Yang Lixin, Tao Jie, Liu Yong-Hua, Xu Yong, Su Chun-Yi
Guangdong Provincial Key Laboratory of Intelligent Decision and Cooperative Control, School of Automation, Guangdong University of Technology, Guangzhou 510006, China.
Department of Mechanical and Industrial Engineering, Concordia University, Montreal, QC H3G 1M8, Canada.
Neural Netw. 2023 Apr;161:735-745. doi: 10.1016/j.neunet.2023.02.028. Epub 2023 Feb 18.
This paper studies the energy scheduling for Denial-of-Service (DoS) attack against remote state estimation over multi-hop networks. A smart sensor observes a dynamic system, and transmits its local state estimate to a remote estimator. Due to the limited communication range of the sensor, some relay nodes are employed to deliver data packets from the sensor to the remote estimator, which constitutes a multi-hop network. To maximize the estimation error covariance with energy constraint, a DoS attacker needs to determine the energy level implemented on each channel. This problem is formulated as an associated Markov decision process (MDP), and the existence of an optimal deterministic and stationary policy (DSP) is proved for the attacker. Besides, a simple threshold structure of the optimal policy is obtained, which significantly reduces the computational complexity. Furthermore, an up-to-date deep reinforcement learning (DRL) algorithm, dueling double Q-network (D3QN), is introduced to approximate the optimal policy. Finally, a simulation example illustrates the developed results and verifies the effectiveness of D3QN for optimal DoS attack energy scheduling.
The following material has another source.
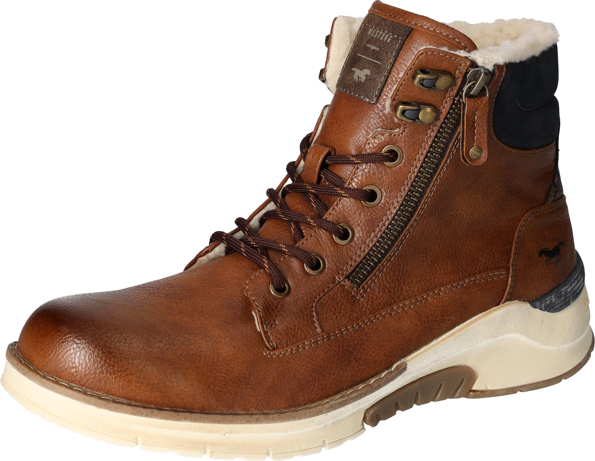 Ideal für kalte Wintertage ist der dunkelbraune und warm gefütterte Schnürbootie aus dem Hause MUSTANG. +
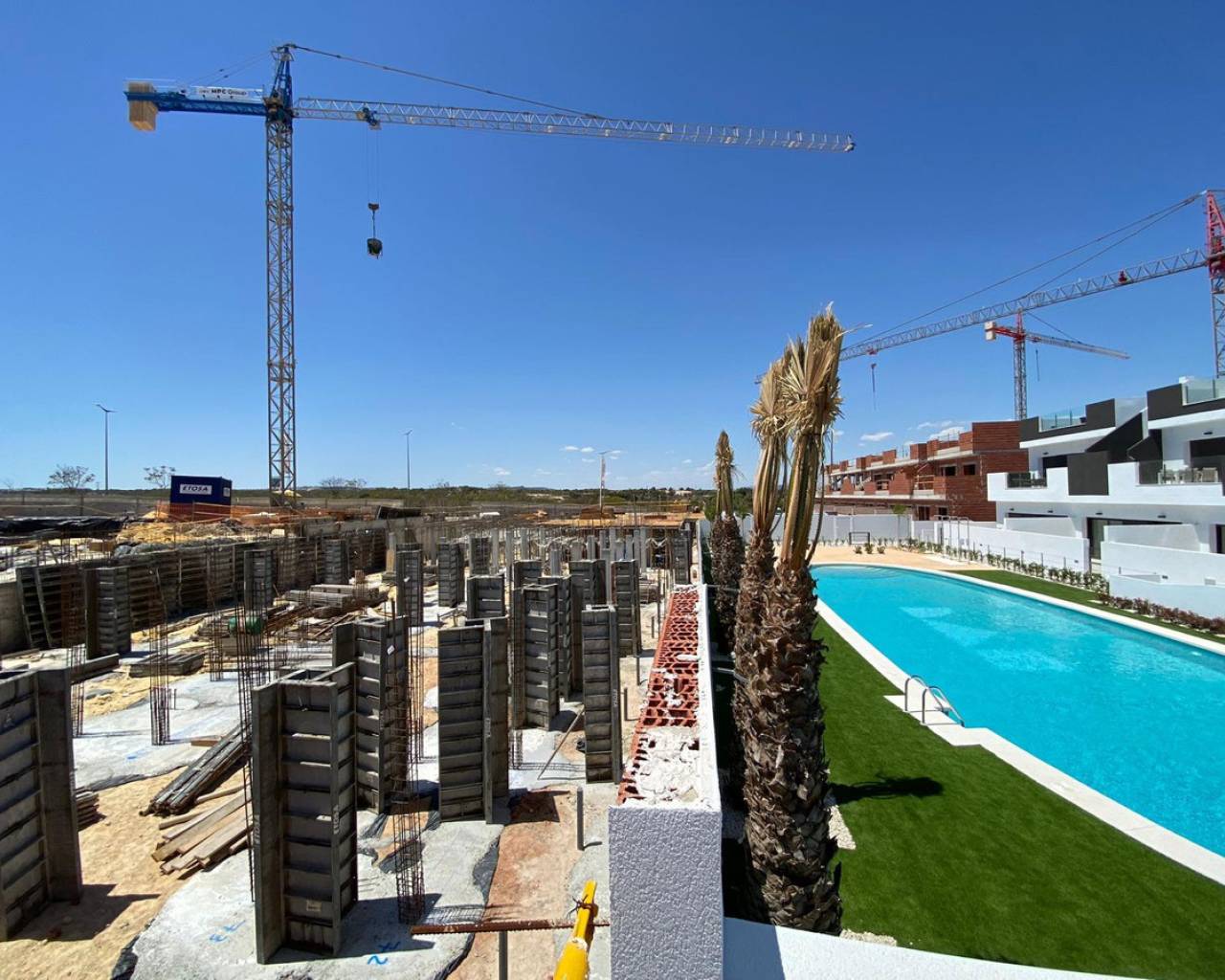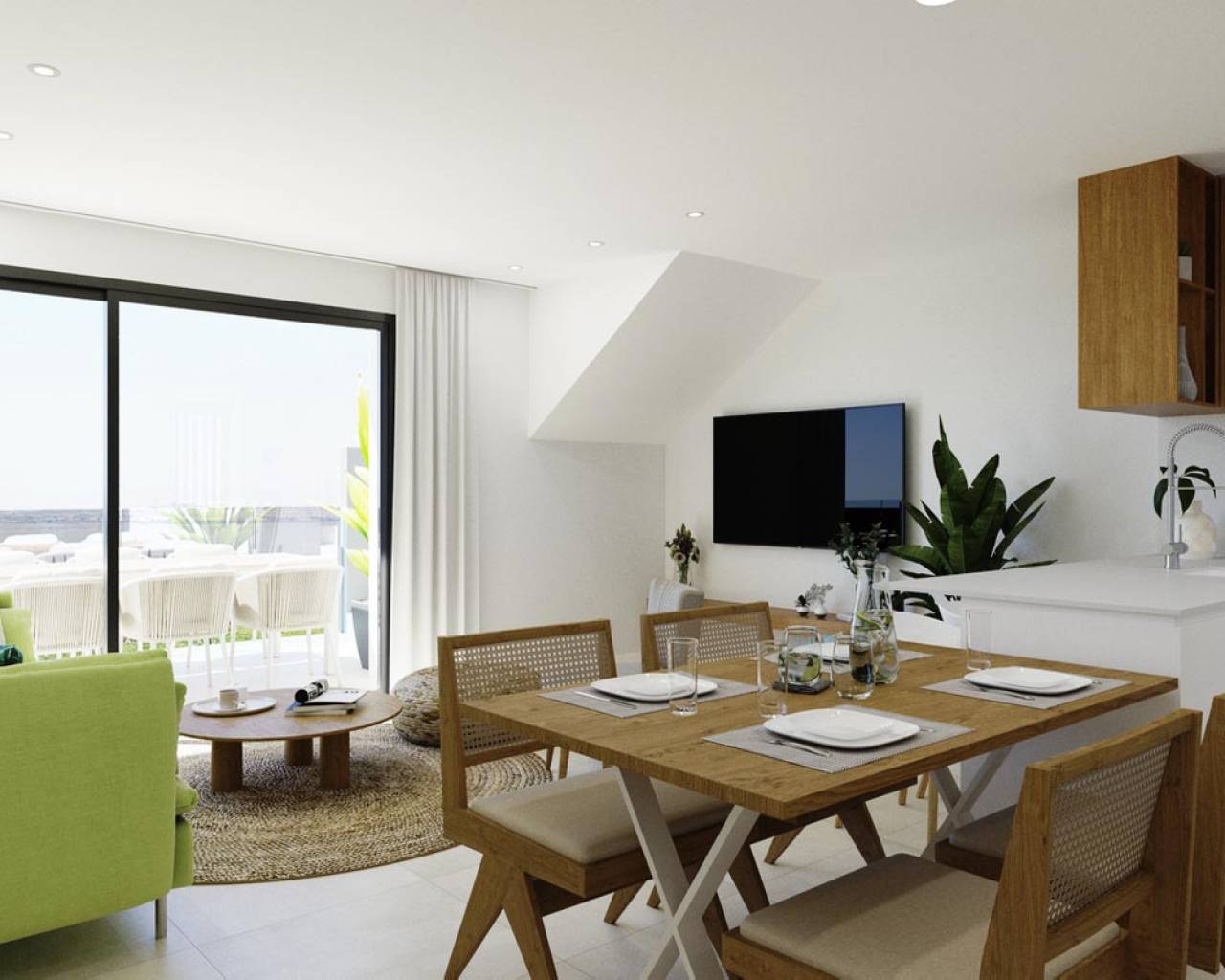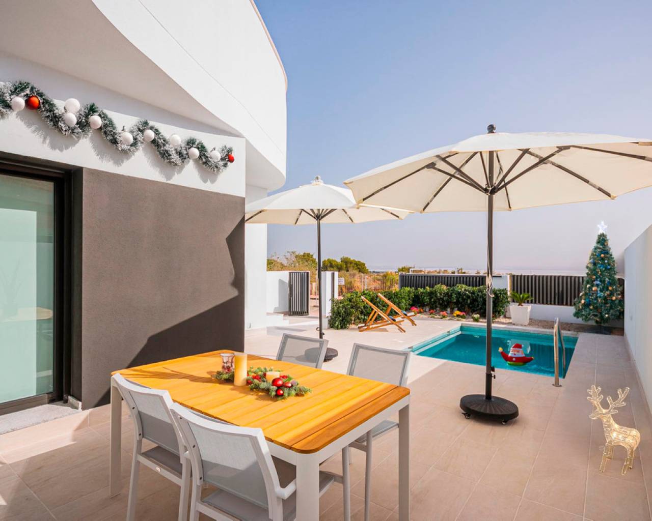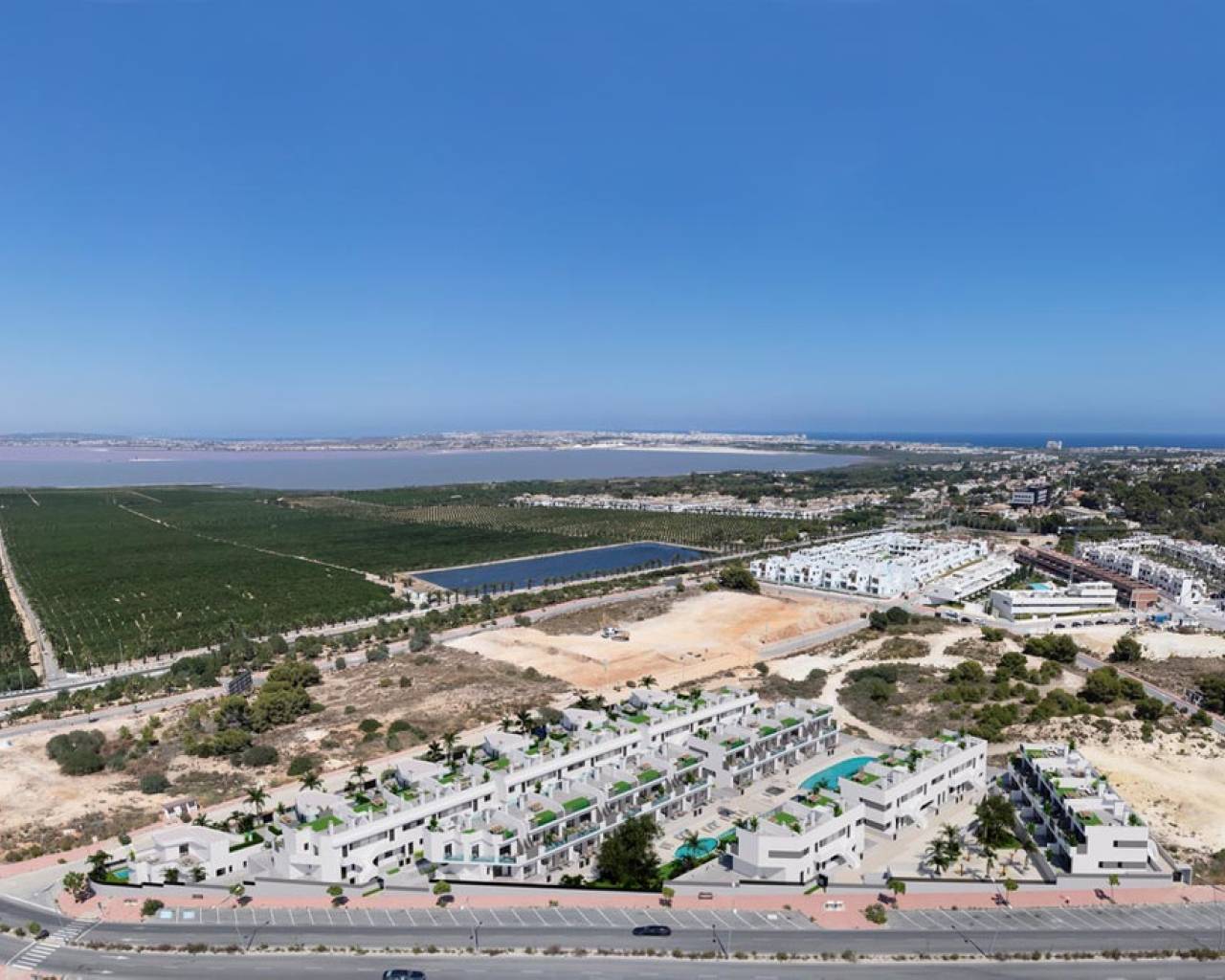 Some novels need to be read at a certain age, in a specific mood, and in the right context and atmosphere—not before, not after—in order to fully enjoy them and grasp their nuances. This is exactly what has happened with this project. The project you now see before you had already been in our minds many years ago, but for different reasons, the right moment had not yet arrived. Over time, it has incorporated elements and improvements that have enriched what was once only an idea. After this necessary process of maturation, we now see it become a reality of which we are tremendously proud. For us, living means appreciating and being part of the environment that surrounds us, for that is as important as the very cement that binds together the elements of a home. When we chose the name of this project and the green and pink colors, it was because we were fully aware that the stunning views of the Salada salt lake and the lemon trees are, in fact, one of the main values of these homes. Bright white houses, filled with natural light, clearly inspired by the Mediterranean lifestyle. At the same time, every detail has been carefully considered, even those not immediately visible, such as the materials and high-quality finishes used in construction—a reflection of our 30 years of experience building homes. If you finally choose our townhouses, you should select between havig views to the Salt lake Salada, or to the pool, and also between top or ground floor. Anyway, you will provide a fantastic house full of natural light, with an spacious living room joined to the kitchen. You will have the privilege of living in an exclusive residential complex with spacious communal areas: gardens, a garden-gym, playground, and of course, two large communal swimming pools—one for adults and the other for children. Ultimately, we offer you the opportunity to live the Mediterranean lifestyle and make it entirely yours. Because if we look closely, this development has nearly everything to become a small paradise with views of your new life.

本文研究了针对多跳网络上远程状态估计的拒绝服务(DoS)攻击的能量调度问题。一个智能传感器观测一个动态系统,并将其局部状态估计传输给一个远程估计器。由于传感器的通信范围有限,一些中继节点被用于将数据包从传感器传递到远程估计器,这构成了一个多跳网络。为了在能量约束下最大化估计误差协方差,一个DoS攻击者需要确定在每个信道上实施的能量水平。这个问题被表述为一个相关的马尔可夫决策过程(MDP),并且证明了攻击者存在一个最优确定性平稳策略(DSP)。此外,得到了最优策略的一个简单阈值结构,这显著降低了计算复杂度。此外,引入了一种最新的深度强化学习(DRL)算法——决斗双Q网络(D3QN)来逼近最优策略。最后,一个仿真例子说明了所得到的结果,并验证了D3QN用于最优DoS攻击能量调度的有效性。